Chapter 1 written by the Editors is introductory and contains not only a short summary of studies in bioorganic chemistry, but also mainly acquaints the reader with the structure of the book, presents short characteristics of the chapters, and gives twelve Internet sites containing additional information about metalloproteins.
Chapter 2 (T. Larsen, G. Reed) is devoted to interaction of sodium and potassium with proteins. The chapter considers in detail proteins/enzymes with known and unknown structures, analyzes structural and functional specific features of such proteins as pyruvate kinase, fructose-1,6-bisphosphatase, tryptophanase, and other enzymes.
Chapter 3 (B. Fakler) considers the structure and functions of sodium and potassium protein channels in membranes of bacteria and mammals. Molecular mechanisms underlying membrane permeability for sodium and potassium are analyzed. The selectivity, activation, and inactivation of channels are also discussed in this chapter.
Chapter 4 (A. Matte, L. Delbaere) characterizes magnesium-activated enzymatic systems. The first part of the chapter describes chemistry of magnesium, specific features of this metal during its interaction with water, nucleotides, and organic phosphates. The chapter also considers magnesium metabolism in prokaryotic and eukaryotic cells. The subsequent parts of the chapter describe specific features of kinases, sphingomyelinase, DNA-polymerases, and other magnesium-activated enzymes.
Chapter 5 (A. Muranyi, B. Finn) considers calcium-dependent proteins/enzymes including calmodulin, S100 proteins, annexins, C2-domains, and lectins.
Chapter 6 (A. Butler et al.) presents data on vanadium-containing proteins and enzymes. Vanadium-containing haloperoxidases and nitrogenases are described.
Chapter 7 (R. Martin) discusses the role of chromium in proteins. Based on his own and literature data, the author concludes that living systems contain no complexes of chromium with proteins.
Chapter 8 (D. Weatherburn) contains data on manganese-containing enzymes and proteins. Oxidoreductases, transferases, hydrolases, lyases, isomerases, and ligases are considered. Manganese-containing proteins, such as lectins, integrins, the diphtheria toxin, and the mannose-6-phosphate receptor are analyzed.

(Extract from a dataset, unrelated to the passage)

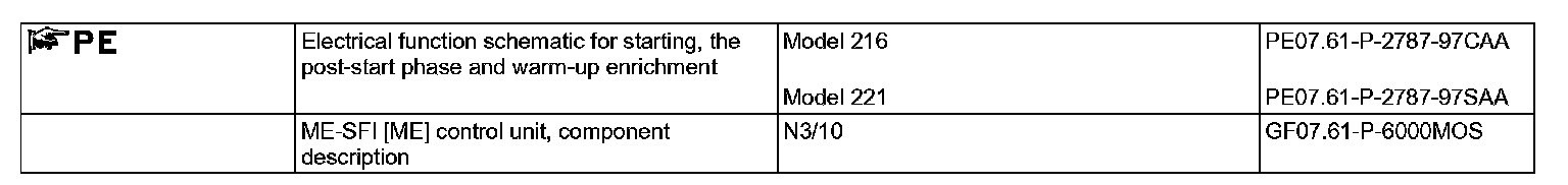 The ME-SFI control unit calculates the injection time for the post-start enrichment according to the following sensors and signals:

Chapter 9 (P. Turano, Y. Lu) discusses data on iron in heme and in relative proteins. Cytochromes, globins, catalases, peroxidases, cytochrome P450, and other proteins are characterized.
Chapter 10 (D. Bentrop et al.) considers iron- and sulfur-containing proteins. These proteins contain two or more iron ions bound by sulfide ionic bridges to thiol ligands of cysteine residues.

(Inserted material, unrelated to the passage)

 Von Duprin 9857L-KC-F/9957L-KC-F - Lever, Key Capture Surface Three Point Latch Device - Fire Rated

Chapter 11 (P. Nordlund) considers structural and functional features of iron-containing proteins which also contain oxygen and nitrogen. Lipoxygenases, dioxygenases, estradiol dioxygenases, and other proteins are discussed.
Chapter 12 (F. Arnesano, A. Provenzani) presents data on iron homeostasis of eukaryotes and bacteria. The main accent is given to structures of ferritins and mechanisms of iron storage and transportation by transferrins and lactoferrin.
Chapter 13 (J. Pratt) summarizes data on cobalt in vitamin B12 and in a number of enzymes. The main attention is given to B12-dependent mutases (isomerases) and also to B12-dependent methyltransferases.
Chapter 14 (S. Ciurli, S. Mangani) analyzes data on nickel-containing enzymes. Urease, hydrogenase, and methyl coenzyme-M-reductase are discussed.
Chapter 15 (M. Halcrow et al.) considers copper-containing proteins, their transport, activation of oxygen, and reduction of inorganic molecules. A number of enzymes with known structure are considered: galactose oxidases, aminooxidases, peptidylglycine-alpha-hydroxylating monooxygenase, hemocyanin, catechol oxidases, and cytochrome c oxidases.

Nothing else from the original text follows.